New Trump Portrait Breaks With Tradition

He's the first in front of a plain background since Nixon
Posted Jun 4, 2025 1:40 PM CDT
New Trump Portrait Breaks With Tradition
The new official portrait of President Trump hangs in the Eisenhower Executive Office Building on the White House campus, Monday, June 2, 2025, in Washington.   (AP Photo/Alex Brandon)

The White House has unveiled a new official presidential portrait of President Trump—the second of his second term. Like the portrait introduced during the transition, but unlike the smiling photo from his first term, Trump has a serious expression reminiscent of his famous 2023 mugshot, the Washington Post reports. Officials tell CBS News that the portrait, which went up in the Eisenhower Executive Office Building on Monday, will replace the previous photos of Trump in federal buildings.

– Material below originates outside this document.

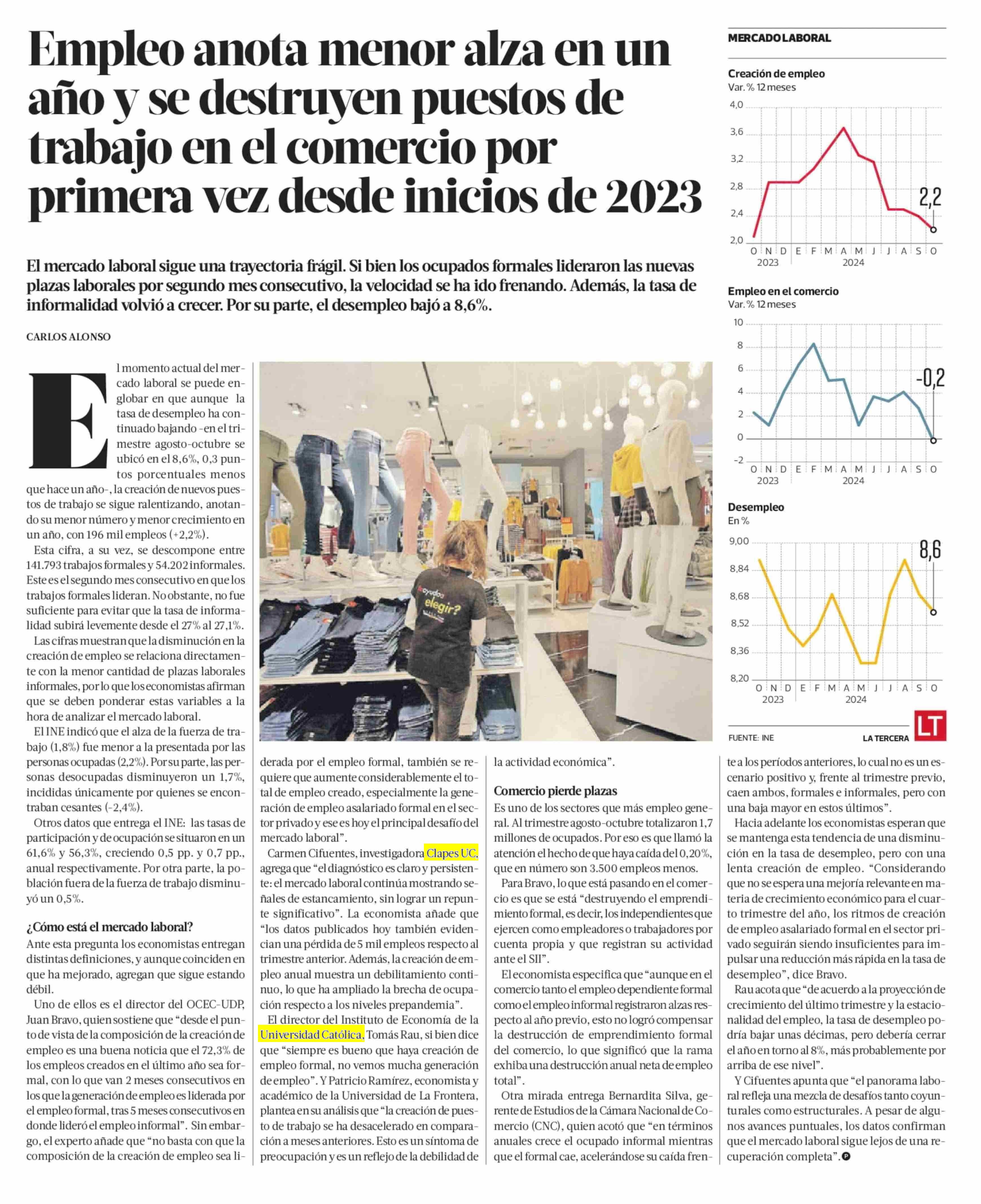 Empleo anota menor alza en un año y se destruyen puestos de trabajo en el comercio por primera vez desde inicios de 2023

  • A break with tradition: CNN reports that Trump is in front of a black background, unlike presidents in recent decades, who were photographed in front of American flags. The last president to use a plain background was Richard Nixon. Most presidents over the last century, including Nixon, were also smiling in their official portraits.

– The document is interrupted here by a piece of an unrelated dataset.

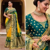 New premium range dola silk wedding events saree with embroidery work
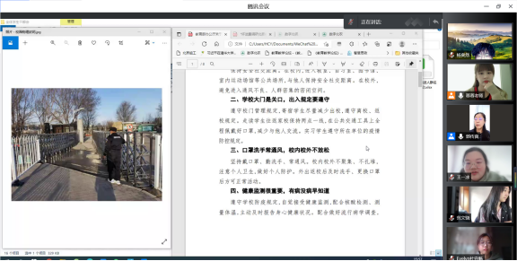 大会第一项,霍春艳首先就近期各班班会所反映的问题进行了反馈,并围绕学风建设,对学校当下发生的一些显著变化向线上学习的同学们进行了介绍。之后,带领全体学生骨干学习了《教育部办公厅关于学生疫情防控期间学习生活健康指南的通知》、《怀进鹏调研北京教育系统疫情防控工作》两个文件,并进行了详尽的政策解读。最后霍春艳重点强调了疫情当下,同学们居家过程中的自我防护问题、心理问题,并再次强调了健康打卡和疫苗接种的重要性和必要性。

  • Comparison to Churchill photo: "The first portrait done in January was done with something called up lighting—which is lighting from below—which isn't found in the natural world often," Jeff Whetstone, director of the visual arts program at Princeton University, tells NPR. "In the new portrait, the lighting is more natural but still dramatic. And it's lighting that shows one side of the face more than the other, so there's a duality there." Whetstone compares it to a famous 1941 image of Winston Churchill that was stolen from an Ottawa hotel.
  • 'Hallmarks of AI imagery': In the new portrait, "the lens is much closer to the subject than in previous official presidential portraits, and the cropping is extreme," Jason Farago writes at the New York Times. "Regardless of the actual techniques used to produce it, the photograph displays numerous hallmarks of AI imagery: symmetrical composition, imprecise detail, blurring at the edges, and shallow depth of field," Farago writes. "If the aesthetic hallmarks of the first Trump term came from television, this second administration has drawn its imagery more from Silicon Valley."
  • Previous one was a 'placeholder': It's unusual for a new official portrait to be issued, but White House officials say the previous one wasn't meant to be permanent. "The old one was always meant to serve as a placeholder," an official says. "The president is the most well-known person on the planet and this new portrait taken during his second term reflects the optimism and resolve of America."